**The data**:
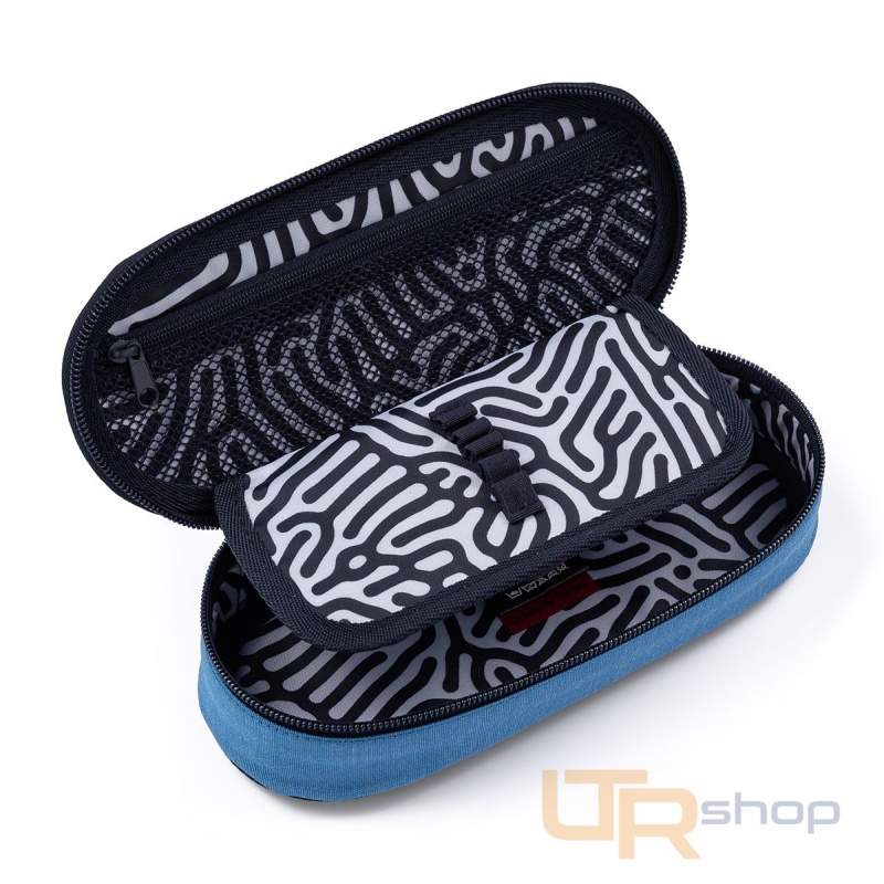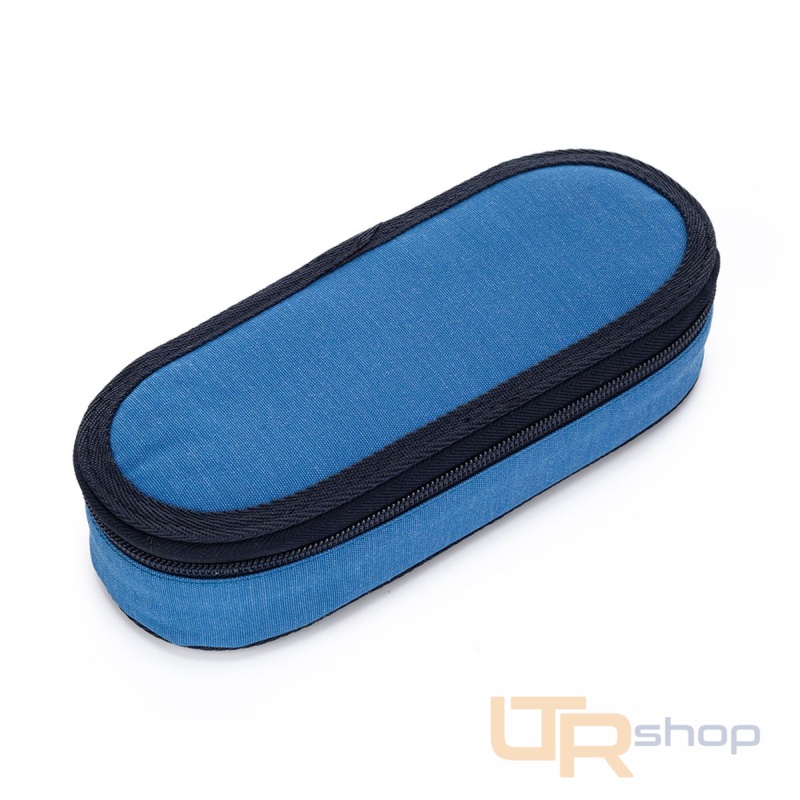 Oválný penál pro všechny starší školáky a studenty. Uvnitř pouzdra je síťová kapsička na zip a klopa. Na ní jsou umístěny gumičky pro uchycení celkem devíti tužek a propisek, které je potřeba mít přehledně uspořádané a po ruce. Volný prostor pod klopou slouží pro další psací potřeby – pastelky, fixy, ale i pravítko nebo kružítko.
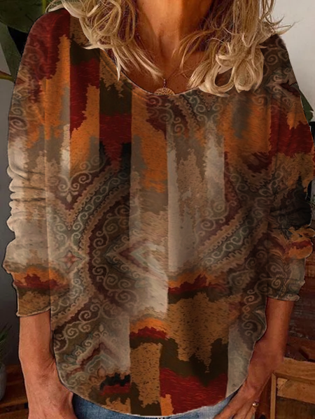 Women's Spring Vintage Print V-Neck Long Sleeve T-Shirt
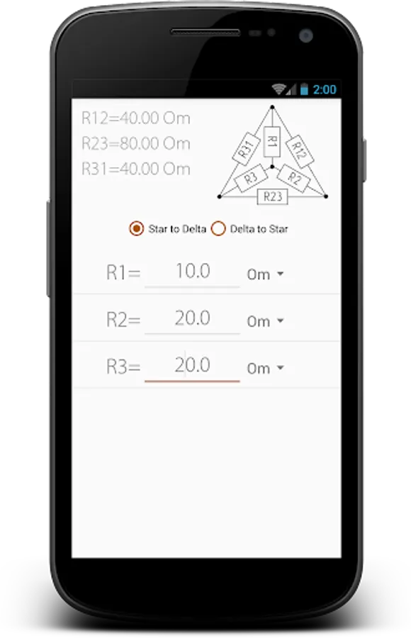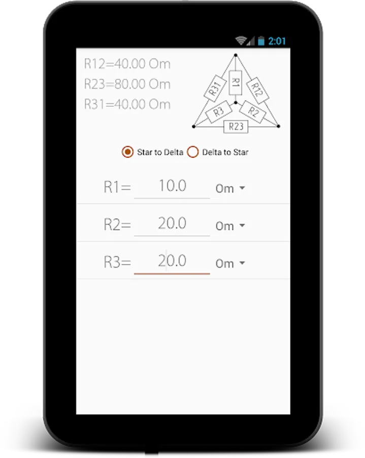 Equivalent transformation of a triangle and a resistance star. Calculation of the voltage divider. Resistance calculation for the LED
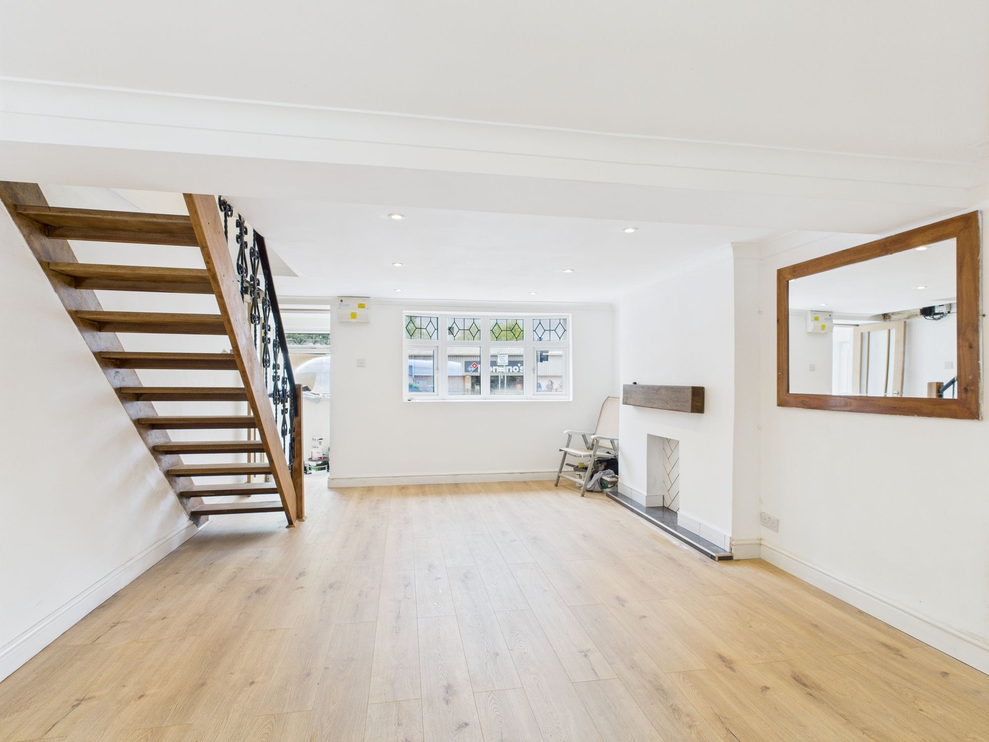 The ground floor boasts a spacious living room, flooded with natural light, creating a welcoming space for relaxation and entertainment. The neutral colour palette accentuates the generously sized room, providing a versatile canvas for personalisation. The separate dining area provides an ideal setting for intimate meals with loved ones or hosting gatherings, seamlessly flowing into the well-appointed kitchen.
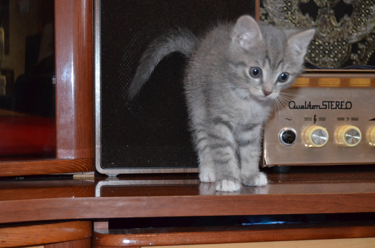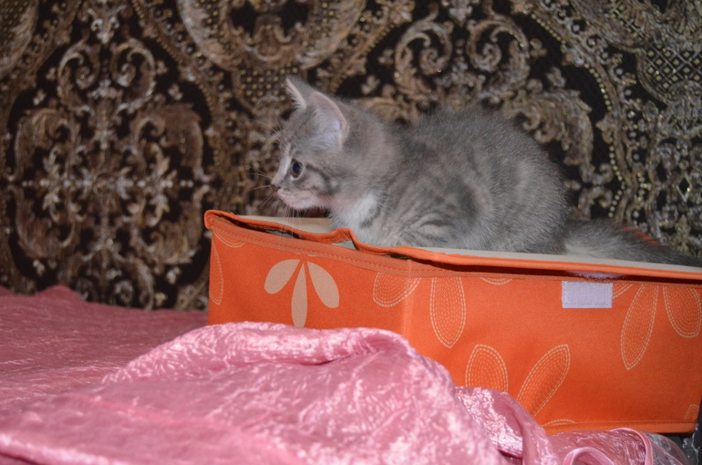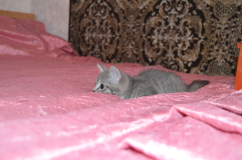 Прежняя хозяйка сказала, что погуляла ее кошка в деревне, так что папаня неизвестен. Родились котята 10 сентября, ему еще и 2 месяцев нет. Было 5, за 10 дней разобрали всех, мы пришли - он был уже последним.
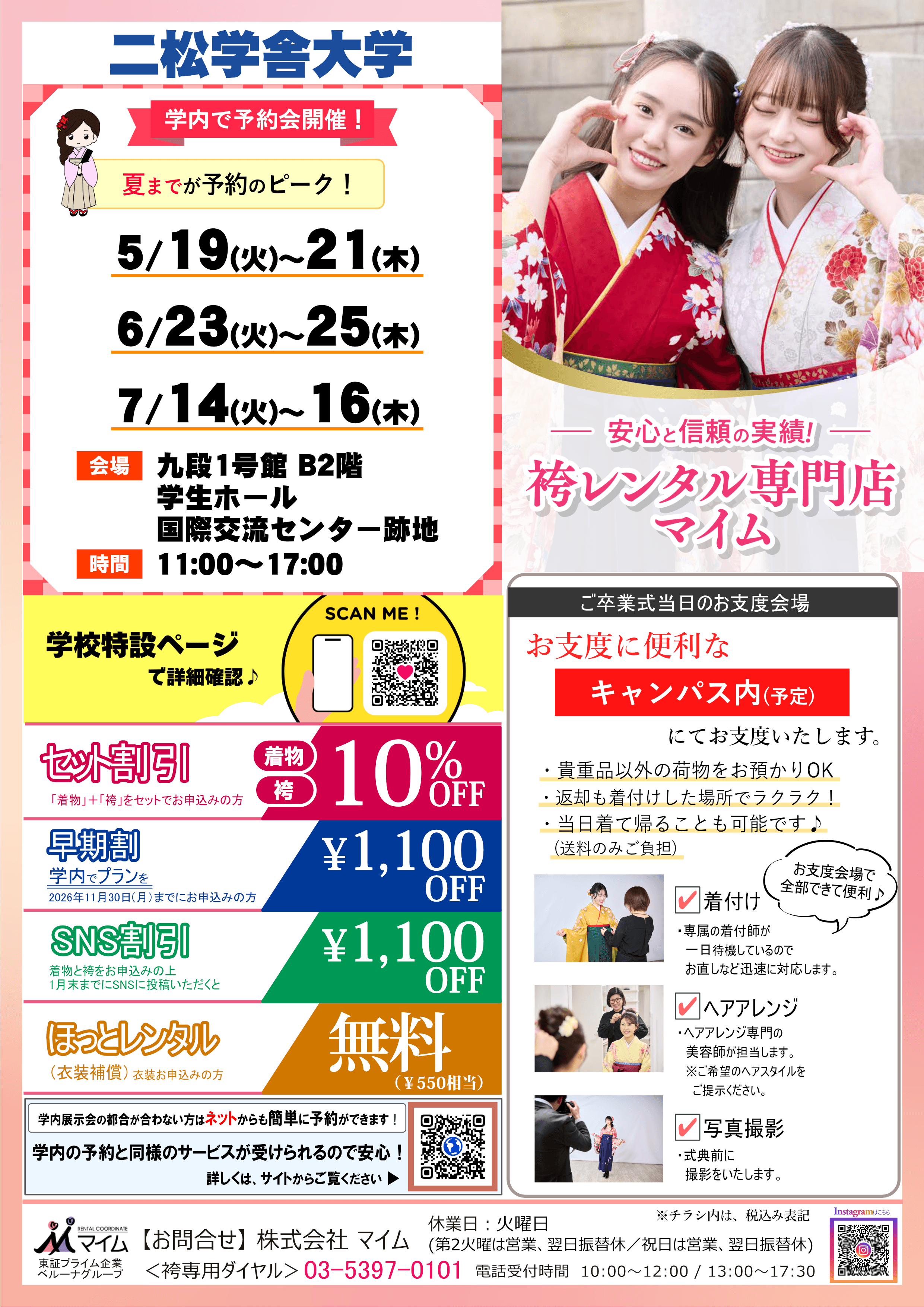 学内予約会は、マイムで人気の着物と袴をあなたの学校で試着したり、気に入ったらその場で予約できちゃう展示会です。※イベントは、急遽延期や中止になる場合もあります。あらかじめご了承ください。
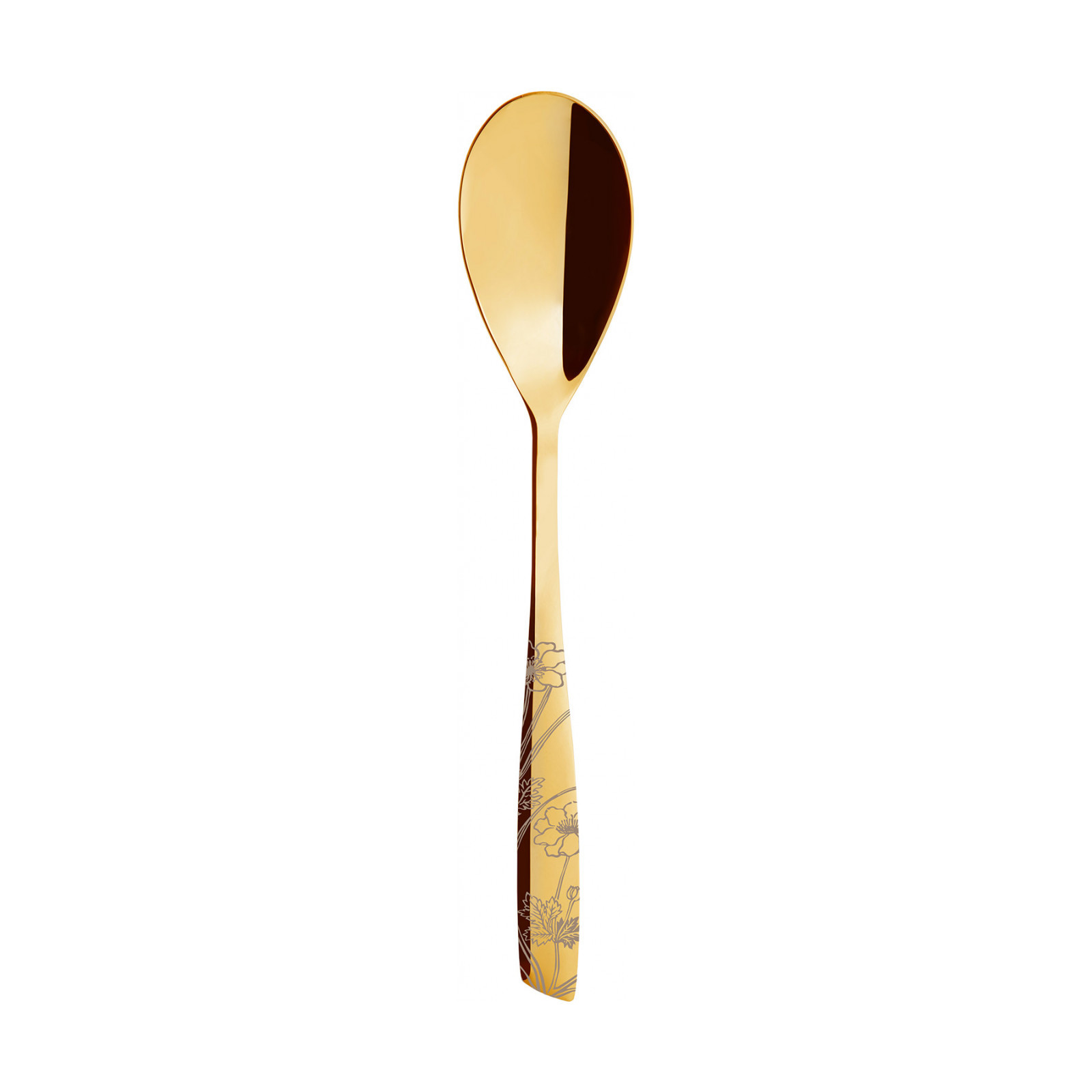 The Riviera Lady Black Gold line of 18/10 stainless steel gold PVD-coated cutlery is enveloped in a refined floral motif, bringing to your table the essence of the garden of wonders from which it takes its inspiration, fashionably enhancing its elegance. This decorated cutlery motif was hand-drawn by the designer Alessandro Parascandolo and engraved on the cutlery pieces. The knife is forged in one piece. This cutlery is dishwasher safe.
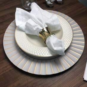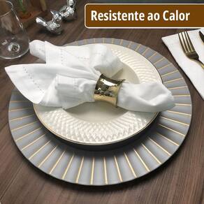 Com design moderno e elegante o sousplat cumpre uma das principais regras de etiqueta, que é nunca deixar a mesa desguarnecida durante a troca de pratos. PRINCIPAIS VANTAGENS - Material de alta qualidade - Resistente - Ótimo acabamento - Serve de apoio para os pratos - Evita respingos de comida na toalha ou no jogo americano - Evita que o prato fique escorregando quando a pessoa corta os alimentos - Demarca lugares à mesa - Prático e Versátil - Design moderno e elegante - Combina com diversos tipos de louças e ambientes LIMPEZA FÁCIL: - Pano úmido. - Lavar com esponja macia com água e sabão neutro. CONTÉM: 12 peça s MATERIAL: PVC DIMENSÕES: 33cm de diâmetro Um produto Idealiza Comercio de Utilidades Marca: Não Informado
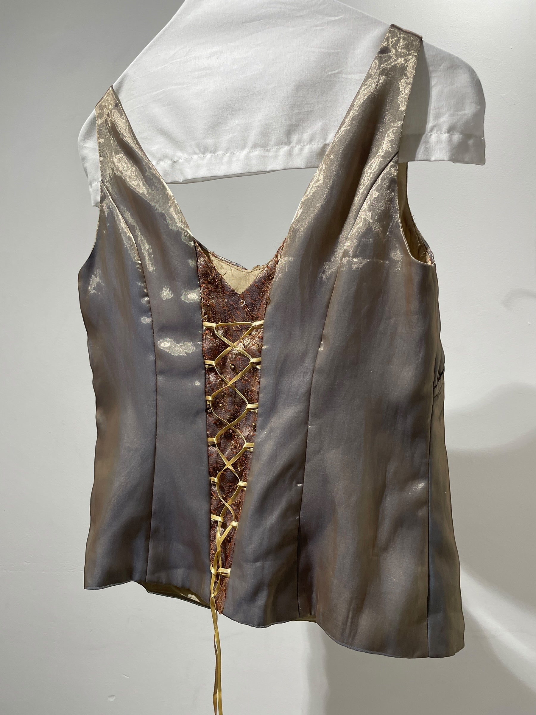 【C】Old clothes with a feeling of use, a little dirt and damage.
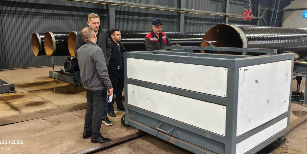 Yesterday, the 1620-type 3PE steel pipe anti-corrosion production line, designed and manufactured by Qingdao Huashida Machinery Co., Ltd. for Russia’s SPV Pipeline Company, was successfully commissioned in Moscow and received high acclaim from the client. Both management and frontline personnel at SPV expressed full satisfaction with the production line’s technical process, operational efficiency, and overall performance.

**Action item**: The records above must be output exactly, except for the pictures.

**Result of the task**:
 Oválný penál pro všechny starší školáky a studenty. Uvnitř pouzdra je síťová kapsička na zip a klopa. Na ní jsou umístěny gumičky pro uchycení celkem devíti tužek a propisek, které je potřeba mít přehledně uspořádané a po ruce. Volný prostor pod klopou slouží pro další psací potřeby – pastelky, fixy, ale i pravítko nebo kružítko.
 Women's Spring Vintage Print V-Neck Long Sleeve T-Shirt
 Equivalent transformation of a triangle and a resistance star. Calculation of the voltage divider. Resistance calculation for the LED
 The ground floor boasts a spacious living room, flooded with natural light, creating a welcoming space for relaxation and entertainment. The neutral colour palette accentuates the generously sized room, providing a versatile canvas for personalisation. The separate dining area provides an ideal setting for intimate meals with loved ones or hosting gatherings, seamlessly flowing into the well-appointed kitchen.
 Прежняя хозяйка сказала, что погуляла ее кошка в деревне, так что папаня неизвестен. Родились котята 10 сентября, ему еще и 2 месяцев нет. Было 5, за 10 дней разобрали всех, мы пришли - он был уже последним.
 学内予約会は、マイムで人気の着物と袴をあなたの学校で試着したり、気に入ったらその場で予約できちゃう展示会です。※イベントは、急遽延期や中止になる場合もあります。あらかじめご了承ください。
 The Riviera Lady Black Gold line of 18/10 stainless steel gold PVD-coated cutlery is enveloped in a refined floral motif, bringing to your table the essence of the garden of wonders from which it takes its inspiration, fashionably enhancing its elegance. This decorated cutlery motif was hand-drawn by the designer Alessandro Parascandolo and engraved on the cutlery pieces. The knife is forged in one piece. This cutlery is dishwasher safe.
 Com design moderno e elegante o sousplat cumpre uma das principais regras de etiqueta, que é nunca deixar a mesa desguarnecida durante a troca de pratos. PRINCIPAIS VANTAGENS - Material de alta qualidade - Resistente - Ótimo acabamento - Serve de apoio para os pratos - Evita respingos de comida na toalha ou no jogo americano - Evita que o prato fique escorregando quando a pessoa corta os alimentos - Demarca lugares à mesa - Prático e Versátil - Design moderno e elegante - Combina com diversos tipos de louças e ambientes LIMPEZA FÁCIL: - Pano úmido. - Lavar com esponja macia com água e sabão neutro. CONTÉM: 12 peça s MATERIAL: PVC DIMENSÕES: 33cm de diâmetro Um produto Idealiza Comercio de Utilidades Marca: Não Informado
 【C】Old clothes with a feeling of use, a little dirt and damage.
 Yesterday, the 1620-type 3PE steel pipe anti-corrosion production line, designed and manufactured by Qingdao Huashida Machinery Co., Ltd. for Russia’s SPV Pipeline Company, was successfully commissioned in Moscow and received high acclaim from the client. Both management and frontline personnel at SPV expressed full satisfaction with the production line’s technical process, operational efficiency, and overall performance.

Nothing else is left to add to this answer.